[Dataset excerpts Boundary: Start]

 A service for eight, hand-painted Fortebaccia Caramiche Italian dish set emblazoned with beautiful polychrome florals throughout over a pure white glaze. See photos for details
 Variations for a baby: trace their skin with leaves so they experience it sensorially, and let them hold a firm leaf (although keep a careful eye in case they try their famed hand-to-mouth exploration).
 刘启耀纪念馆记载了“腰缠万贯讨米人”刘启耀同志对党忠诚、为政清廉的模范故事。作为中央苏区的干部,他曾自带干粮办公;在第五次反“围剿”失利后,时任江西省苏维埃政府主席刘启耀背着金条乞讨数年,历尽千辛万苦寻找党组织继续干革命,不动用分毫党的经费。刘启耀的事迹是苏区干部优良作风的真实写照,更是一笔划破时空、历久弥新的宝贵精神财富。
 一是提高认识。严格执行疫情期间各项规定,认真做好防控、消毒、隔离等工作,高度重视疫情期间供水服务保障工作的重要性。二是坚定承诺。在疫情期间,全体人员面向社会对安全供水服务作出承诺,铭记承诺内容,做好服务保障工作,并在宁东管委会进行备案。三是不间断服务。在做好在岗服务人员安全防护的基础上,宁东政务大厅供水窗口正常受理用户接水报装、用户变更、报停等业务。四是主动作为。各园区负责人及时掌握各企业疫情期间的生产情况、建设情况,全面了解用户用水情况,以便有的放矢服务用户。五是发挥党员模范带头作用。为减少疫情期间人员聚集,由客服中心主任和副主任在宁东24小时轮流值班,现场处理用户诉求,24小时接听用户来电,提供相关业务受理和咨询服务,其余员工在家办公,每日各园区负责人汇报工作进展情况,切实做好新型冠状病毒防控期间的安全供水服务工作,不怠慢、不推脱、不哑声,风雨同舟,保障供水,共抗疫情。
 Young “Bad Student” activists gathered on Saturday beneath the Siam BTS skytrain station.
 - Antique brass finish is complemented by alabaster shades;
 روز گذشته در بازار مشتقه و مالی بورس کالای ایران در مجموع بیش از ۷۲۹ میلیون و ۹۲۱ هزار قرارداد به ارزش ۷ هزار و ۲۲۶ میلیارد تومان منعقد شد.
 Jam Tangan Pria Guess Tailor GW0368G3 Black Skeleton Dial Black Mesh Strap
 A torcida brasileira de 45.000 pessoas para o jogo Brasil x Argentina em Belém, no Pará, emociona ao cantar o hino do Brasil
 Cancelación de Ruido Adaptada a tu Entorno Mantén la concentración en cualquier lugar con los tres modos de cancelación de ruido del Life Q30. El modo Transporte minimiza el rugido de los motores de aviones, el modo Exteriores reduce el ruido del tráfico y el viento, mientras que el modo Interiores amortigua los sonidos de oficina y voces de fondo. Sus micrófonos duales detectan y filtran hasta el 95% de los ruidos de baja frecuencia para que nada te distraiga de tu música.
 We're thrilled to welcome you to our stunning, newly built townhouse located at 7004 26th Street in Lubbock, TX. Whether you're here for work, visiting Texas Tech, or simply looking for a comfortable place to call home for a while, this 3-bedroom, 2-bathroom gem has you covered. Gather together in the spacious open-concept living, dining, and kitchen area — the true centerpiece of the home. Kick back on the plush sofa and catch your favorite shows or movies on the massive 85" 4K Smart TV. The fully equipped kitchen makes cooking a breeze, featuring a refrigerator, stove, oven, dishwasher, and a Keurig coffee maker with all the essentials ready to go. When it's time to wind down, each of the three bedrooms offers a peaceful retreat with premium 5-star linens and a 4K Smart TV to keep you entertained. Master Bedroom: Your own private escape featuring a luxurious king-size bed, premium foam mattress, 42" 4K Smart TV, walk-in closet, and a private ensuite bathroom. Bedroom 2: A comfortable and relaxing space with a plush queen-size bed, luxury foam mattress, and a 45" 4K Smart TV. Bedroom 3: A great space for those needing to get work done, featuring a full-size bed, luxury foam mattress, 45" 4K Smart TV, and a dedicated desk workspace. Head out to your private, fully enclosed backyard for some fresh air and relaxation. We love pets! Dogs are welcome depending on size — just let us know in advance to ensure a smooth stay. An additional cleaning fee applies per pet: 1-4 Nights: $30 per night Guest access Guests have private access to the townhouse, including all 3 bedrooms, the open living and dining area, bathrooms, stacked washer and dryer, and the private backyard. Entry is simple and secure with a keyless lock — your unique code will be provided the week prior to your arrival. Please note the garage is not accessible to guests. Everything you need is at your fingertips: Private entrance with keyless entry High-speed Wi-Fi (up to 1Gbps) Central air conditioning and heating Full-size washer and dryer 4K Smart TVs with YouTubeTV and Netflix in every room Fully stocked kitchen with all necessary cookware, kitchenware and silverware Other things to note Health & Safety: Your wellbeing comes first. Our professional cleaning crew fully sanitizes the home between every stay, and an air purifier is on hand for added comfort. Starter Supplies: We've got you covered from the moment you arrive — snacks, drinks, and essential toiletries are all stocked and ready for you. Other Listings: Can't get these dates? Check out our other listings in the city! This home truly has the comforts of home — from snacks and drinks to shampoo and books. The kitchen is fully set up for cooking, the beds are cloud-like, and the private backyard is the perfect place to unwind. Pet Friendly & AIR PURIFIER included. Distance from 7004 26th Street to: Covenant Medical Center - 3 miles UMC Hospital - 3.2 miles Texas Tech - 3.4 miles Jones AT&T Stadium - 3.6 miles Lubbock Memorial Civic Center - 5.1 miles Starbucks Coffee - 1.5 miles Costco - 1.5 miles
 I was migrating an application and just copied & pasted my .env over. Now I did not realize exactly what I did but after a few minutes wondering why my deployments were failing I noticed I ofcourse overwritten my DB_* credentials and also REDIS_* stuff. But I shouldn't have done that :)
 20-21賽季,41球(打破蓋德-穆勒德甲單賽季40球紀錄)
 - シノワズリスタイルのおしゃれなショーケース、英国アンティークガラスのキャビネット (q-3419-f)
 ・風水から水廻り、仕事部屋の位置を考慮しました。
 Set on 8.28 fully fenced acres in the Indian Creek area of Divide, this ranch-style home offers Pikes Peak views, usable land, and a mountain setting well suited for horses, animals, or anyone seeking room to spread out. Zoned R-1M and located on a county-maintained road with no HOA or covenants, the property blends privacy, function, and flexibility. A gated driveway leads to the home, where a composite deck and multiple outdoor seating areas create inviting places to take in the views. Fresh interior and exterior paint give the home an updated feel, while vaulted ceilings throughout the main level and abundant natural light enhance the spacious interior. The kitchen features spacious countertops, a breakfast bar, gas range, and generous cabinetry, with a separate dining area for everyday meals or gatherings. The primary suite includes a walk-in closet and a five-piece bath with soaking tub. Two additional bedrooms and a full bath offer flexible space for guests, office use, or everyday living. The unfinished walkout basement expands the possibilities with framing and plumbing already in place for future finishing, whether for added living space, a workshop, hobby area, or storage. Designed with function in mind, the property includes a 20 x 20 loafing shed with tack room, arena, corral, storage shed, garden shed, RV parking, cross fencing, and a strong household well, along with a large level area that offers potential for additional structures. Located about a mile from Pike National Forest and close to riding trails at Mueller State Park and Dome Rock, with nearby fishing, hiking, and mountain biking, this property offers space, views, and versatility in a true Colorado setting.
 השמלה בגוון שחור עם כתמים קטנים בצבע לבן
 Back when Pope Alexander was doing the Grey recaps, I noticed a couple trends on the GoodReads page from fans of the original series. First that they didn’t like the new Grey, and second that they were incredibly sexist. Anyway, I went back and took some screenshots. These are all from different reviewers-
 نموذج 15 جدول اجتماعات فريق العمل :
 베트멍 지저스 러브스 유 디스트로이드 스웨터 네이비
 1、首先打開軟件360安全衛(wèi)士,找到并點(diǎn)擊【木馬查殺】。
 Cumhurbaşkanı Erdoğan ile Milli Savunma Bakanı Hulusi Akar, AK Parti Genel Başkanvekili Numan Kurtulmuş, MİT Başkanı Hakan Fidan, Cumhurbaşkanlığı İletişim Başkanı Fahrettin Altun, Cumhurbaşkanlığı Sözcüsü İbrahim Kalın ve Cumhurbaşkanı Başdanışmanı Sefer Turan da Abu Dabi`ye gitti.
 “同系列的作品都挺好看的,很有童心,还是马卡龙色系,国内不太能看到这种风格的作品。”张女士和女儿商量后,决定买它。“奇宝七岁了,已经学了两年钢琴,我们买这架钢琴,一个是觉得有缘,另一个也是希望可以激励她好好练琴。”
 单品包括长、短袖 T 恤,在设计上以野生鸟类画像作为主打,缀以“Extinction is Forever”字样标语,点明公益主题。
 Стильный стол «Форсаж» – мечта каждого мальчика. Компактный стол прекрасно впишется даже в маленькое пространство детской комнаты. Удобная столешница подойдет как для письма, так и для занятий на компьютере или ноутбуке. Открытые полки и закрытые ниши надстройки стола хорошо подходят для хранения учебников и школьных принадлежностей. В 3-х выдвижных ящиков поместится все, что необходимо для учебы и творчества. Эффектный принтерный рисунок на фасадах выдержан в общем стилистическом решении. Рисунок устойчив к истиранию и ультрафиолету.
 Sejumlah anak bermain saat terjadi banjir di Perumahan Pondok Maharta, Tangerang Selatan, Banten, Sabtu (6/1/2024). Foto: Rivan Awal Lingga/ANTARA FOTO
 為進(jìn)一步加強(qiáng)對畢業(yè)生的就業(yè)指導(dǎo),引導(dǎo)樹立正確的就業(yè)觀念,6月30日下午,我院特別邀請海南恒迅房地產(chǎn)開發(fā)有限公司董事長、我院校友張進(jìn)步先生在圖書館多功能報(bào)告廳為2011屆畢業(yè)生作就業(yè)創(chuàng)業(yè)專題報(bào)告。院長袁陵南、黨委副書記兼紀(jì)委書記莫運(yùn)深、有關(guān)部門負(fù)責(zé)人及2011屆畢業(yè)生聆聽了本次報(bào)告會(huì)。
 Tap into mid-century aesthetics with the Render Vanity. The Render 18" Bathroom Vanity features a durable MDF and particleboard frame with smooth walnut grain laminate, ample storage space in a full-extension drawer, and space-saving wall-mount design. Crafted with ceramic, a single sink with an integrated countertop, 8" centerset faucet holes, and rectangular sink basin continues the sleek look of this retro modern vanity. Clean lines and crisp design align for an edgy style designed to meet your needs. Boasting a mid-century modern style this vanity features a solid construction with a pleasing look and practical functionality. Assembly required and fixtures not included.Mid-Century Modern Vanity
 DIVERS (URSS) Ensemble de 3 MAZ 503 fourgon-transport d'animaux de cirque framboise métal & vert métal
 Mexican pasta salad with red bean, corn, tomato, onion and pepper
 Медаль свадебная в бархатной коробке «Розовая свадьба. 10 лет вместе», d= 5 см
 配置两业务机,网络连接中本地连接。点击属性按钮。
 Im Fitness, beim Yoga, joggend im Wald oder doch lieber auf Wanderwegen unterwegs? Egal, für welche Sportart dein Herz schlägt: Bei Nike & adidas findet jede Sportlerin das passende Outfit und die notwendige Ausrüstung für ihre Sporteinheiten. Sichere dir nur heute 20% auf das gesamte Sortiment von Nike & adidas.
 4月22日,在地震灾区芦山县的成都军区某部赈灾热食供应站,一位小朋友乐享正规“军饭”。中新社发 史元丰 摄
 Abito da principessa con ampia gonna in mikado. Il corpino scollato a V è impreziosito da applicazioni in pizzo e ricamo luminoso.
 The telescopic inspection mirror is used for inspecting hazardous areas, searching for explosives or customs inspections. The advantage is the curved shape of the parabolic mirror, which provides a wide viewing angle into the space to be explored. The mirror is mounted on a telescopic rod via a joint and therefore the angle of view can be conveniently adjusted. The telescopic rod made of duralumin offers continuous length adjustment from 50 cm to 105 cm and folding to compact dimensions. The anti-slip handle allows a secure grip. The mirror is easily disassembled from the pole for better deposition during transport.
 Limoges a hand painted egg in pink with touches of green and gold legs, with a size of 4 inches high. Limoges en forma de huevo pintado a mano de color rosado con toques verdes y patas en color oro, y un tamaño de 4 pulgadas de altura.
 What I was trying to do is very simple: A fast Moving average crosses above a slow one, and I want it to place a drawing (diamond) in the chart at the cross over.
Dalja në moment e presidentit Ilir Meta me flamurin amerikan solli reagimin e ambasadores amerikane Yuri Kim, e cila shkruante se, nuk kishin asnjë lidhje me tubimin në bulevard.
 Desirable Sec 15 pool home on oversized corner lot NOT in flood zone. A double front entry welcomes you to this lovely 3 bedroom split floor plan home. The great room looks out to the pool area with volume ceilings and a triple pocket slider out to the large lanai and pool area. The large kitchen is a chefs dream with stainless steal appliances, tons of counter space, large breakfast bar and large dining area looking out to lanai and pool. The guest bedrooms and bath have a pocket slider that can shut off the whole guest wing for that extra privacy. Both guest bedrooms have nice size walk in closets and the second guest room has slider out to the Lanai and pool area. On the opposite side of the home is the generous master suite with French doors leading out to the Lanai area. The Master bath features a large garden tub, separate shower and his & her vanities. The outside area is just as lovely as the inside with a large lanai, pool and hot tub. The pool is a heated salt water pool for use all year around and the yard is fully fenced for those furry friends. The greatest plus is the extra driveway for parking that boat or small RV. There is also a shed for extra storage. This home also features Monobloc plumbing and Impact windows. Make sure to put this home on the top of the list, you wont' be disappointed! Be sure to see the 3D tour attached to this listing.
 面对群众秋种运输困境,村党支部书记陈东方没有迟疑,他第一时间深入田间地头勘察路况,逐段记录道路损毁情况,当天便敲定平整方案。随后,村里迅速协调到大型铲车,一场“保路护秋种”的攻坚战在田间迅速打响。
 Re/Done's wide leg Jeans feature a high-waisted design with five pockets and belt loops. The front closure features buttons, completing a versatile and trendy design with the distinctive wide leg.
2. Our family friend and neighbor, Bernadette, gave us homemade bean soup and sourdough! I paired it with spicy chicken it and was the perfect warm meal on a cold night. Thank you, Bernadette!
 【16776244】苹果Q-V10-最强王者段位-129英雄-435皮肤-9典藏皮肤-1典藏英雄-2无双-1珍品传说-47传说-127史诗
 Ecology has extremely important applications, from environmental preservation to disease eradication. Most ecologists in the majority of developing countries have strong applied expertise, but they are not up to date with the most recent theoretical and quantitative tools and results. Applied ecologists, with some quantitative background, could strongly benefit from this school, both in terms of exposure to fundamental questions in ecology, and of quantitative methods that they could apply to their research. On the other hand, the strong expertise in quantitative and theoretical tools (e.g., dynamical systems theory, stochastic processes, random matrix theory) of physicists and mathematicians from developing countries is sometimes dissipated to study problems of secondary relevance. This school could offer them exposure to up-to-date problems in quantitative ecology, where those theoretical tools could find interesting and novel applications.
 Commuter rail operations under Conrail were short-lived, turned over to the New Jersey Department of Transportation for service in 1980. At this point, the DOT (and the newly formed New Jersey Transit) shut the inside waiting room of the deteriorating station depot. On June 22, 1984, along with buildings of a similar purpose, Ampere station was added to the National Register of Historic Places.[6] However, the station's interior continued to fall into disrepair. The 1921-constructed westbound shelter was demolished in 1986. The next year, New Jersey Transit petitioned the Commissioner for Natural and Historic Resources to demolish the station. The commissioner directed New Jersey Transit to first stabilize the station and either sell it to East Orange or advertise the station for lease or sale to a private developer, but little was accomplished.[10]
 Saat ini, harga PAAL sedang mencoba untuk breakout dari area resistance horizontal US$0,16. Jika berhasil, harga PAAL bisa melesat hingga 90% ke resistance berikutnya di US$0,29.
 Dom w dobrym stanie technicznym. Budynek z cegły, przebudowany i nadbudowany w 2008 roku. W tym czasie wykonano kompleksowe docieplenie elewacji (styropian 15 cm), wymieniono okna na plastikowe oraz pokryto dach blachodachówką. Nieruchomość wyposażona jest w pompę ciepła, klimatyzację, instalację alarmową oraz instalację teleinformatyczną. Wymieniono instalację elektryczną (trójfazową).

[Dataset excerpts Boundary: End]

Problem requirements:
Pick out and copy the lines of the material that include the word "bean".

Result of this exercise:
 Mexican pasta salad with red bean, corn, tomato, onion and pepper
2. Our family friend and neighbor, Bernadette, gave us homemade bean soup and sourdough! I paired it with spicy chicken it and was the perfect warm meal on a cold night. Thank you, Bernadette!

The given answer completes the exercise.